__WORK ITEM__. Please write out every line of the listing without alteration, but omit the images.

▶

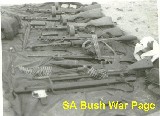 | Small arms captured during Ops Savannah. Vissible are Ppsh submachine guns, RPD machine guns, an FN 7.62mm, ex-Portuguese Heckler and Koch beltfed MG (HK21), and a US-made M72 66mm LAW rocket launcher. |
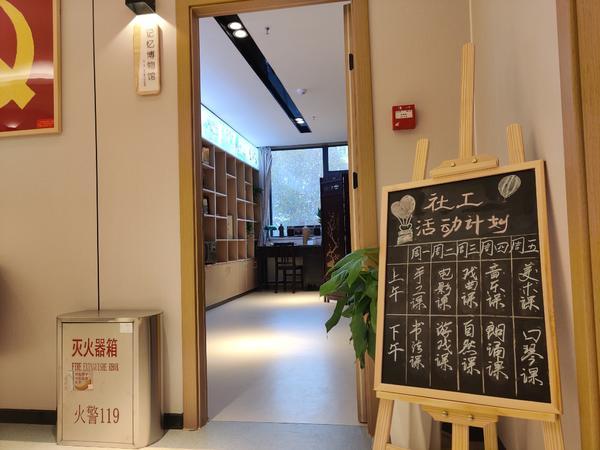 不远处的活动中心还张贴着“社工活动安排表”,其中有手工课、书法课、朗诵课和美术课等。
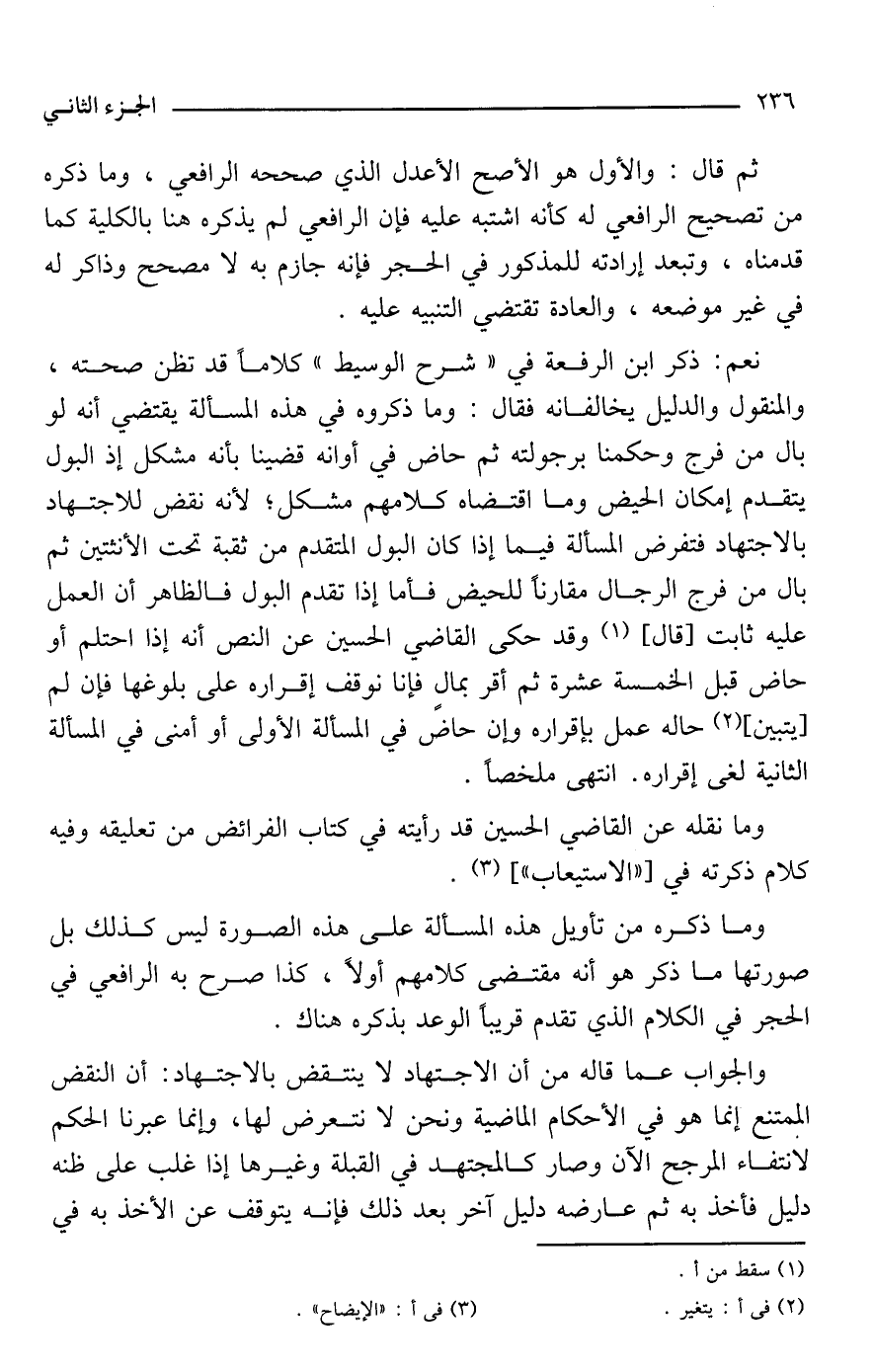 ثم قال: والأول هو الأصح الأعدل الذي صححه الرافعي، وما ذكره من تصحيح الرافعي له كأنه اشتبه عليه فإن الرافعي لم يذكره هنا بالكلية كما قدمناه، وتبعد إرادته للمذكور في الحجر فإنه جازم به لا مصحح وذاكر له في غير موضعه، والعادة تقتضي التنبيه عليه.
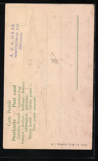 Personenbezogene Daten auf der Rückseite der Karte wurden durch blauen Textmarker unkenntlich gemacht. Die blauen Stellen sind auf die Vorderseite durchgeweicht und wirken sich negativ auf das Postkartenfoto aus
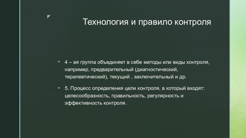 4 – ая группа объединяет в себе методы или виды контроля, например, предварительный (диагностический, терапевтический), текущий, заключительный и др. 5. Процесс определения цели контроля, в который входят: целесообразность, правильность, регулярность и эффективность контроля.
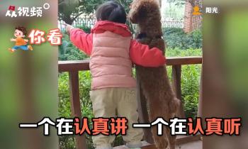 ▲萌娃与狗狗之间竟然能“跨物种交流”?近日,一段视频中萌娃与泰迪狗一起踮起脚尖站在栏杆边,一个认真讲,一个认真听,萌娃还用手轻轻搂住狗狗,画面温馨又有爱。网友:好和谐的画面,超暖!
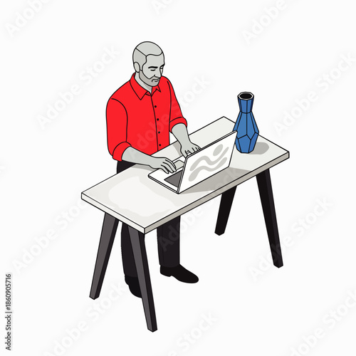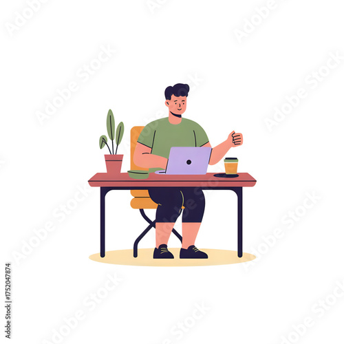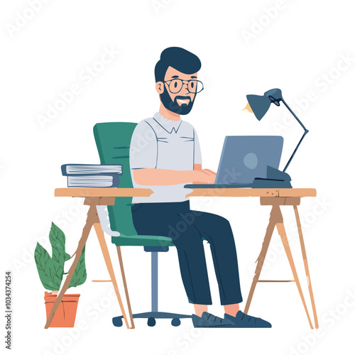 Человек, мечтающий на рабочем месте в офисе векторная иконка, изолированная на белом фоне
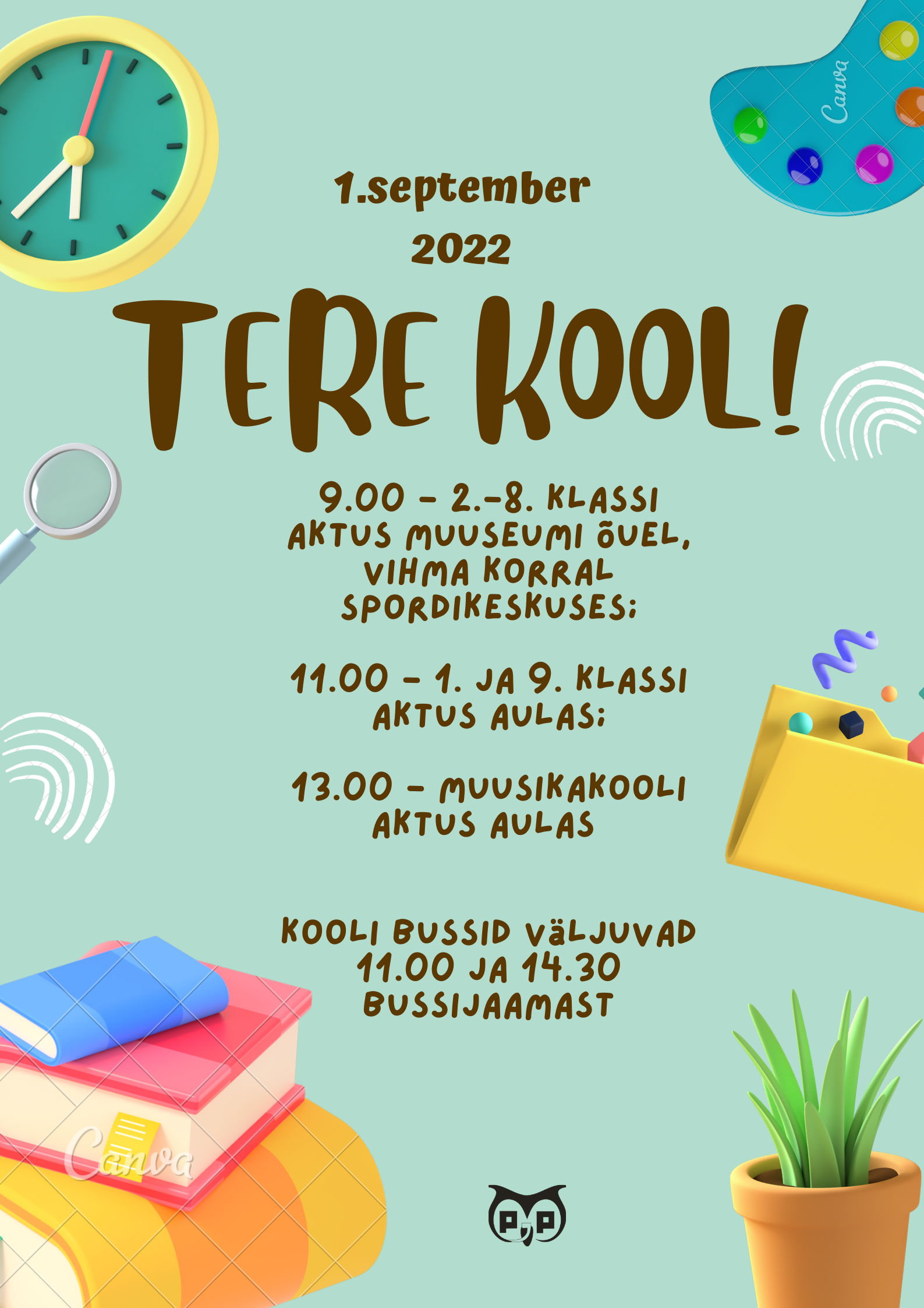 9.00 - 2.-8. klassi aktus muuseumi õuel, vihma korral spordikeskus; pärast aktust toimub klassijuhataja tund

◀

__FINISHED TASK__.
 | Small arms captured during Ops Savannah. Vissible are Ppsh submachine guns, RPD machine guns, an FN 7.62mm, ex-Portuguese Heckler and Koch beltfed MG (HK21), and a US-made M72 66mm LAW rocket launcher. |
 不远处的活动中心还张贴着“社工活动安排表”,其中有手工课、书法课、朗诵课和美术课等。
 ثم قال: والأول هو الأصح الأعدل الذي صححه الرافعي، وما ذكره من تصحيح الرافعي له كأنه اشتبه عليه فإن الرافعي لم يذكره هنا بالكلية كما قدمناه، وتبعد إرادته للمذكور في الحجر فإنه جازم به لا مصحح وذاكر له في غير موضعه، والعادة تقتضي التنبيه عليه.
 Personenbezogene Daten auf der Rückseite der Karte wurden durch blauen Textmarker unkenntlich gemacht. Die blauen Stellen sind auf die Vorderseite durchgeweicht und wirken sich negativ auf das Postkartenfoto aus
 4 – ая группа объединяет в себе методы или виды контроля, например, предварительный (диагностический, терапевтический), текущий, заключительный и др. 5. Процесс определения цели контроля, в который входят: целесообразность, правильность, регулярность и эффективность контроля.
 ▲萌娃与狗狗之间竟然能“跨物种交流”?近日,一段视频中萌娃与泰迪狗一起踮起脚尖站在栏杆边,一个认真讲,一个认真听,萌娃还用手轻轻搂住狗狗,画面温馨又有爱。网友:好和谐的画面,超暖!
 Человек, мечтающий на рабочем месте в офисе векторная иконка, изолированная на белом фоне
 9.00 - 2.-8. klassi aktus muuseumi õuel, vihma korral spordikeskus; pärast aktust toimub klassijuhataja tund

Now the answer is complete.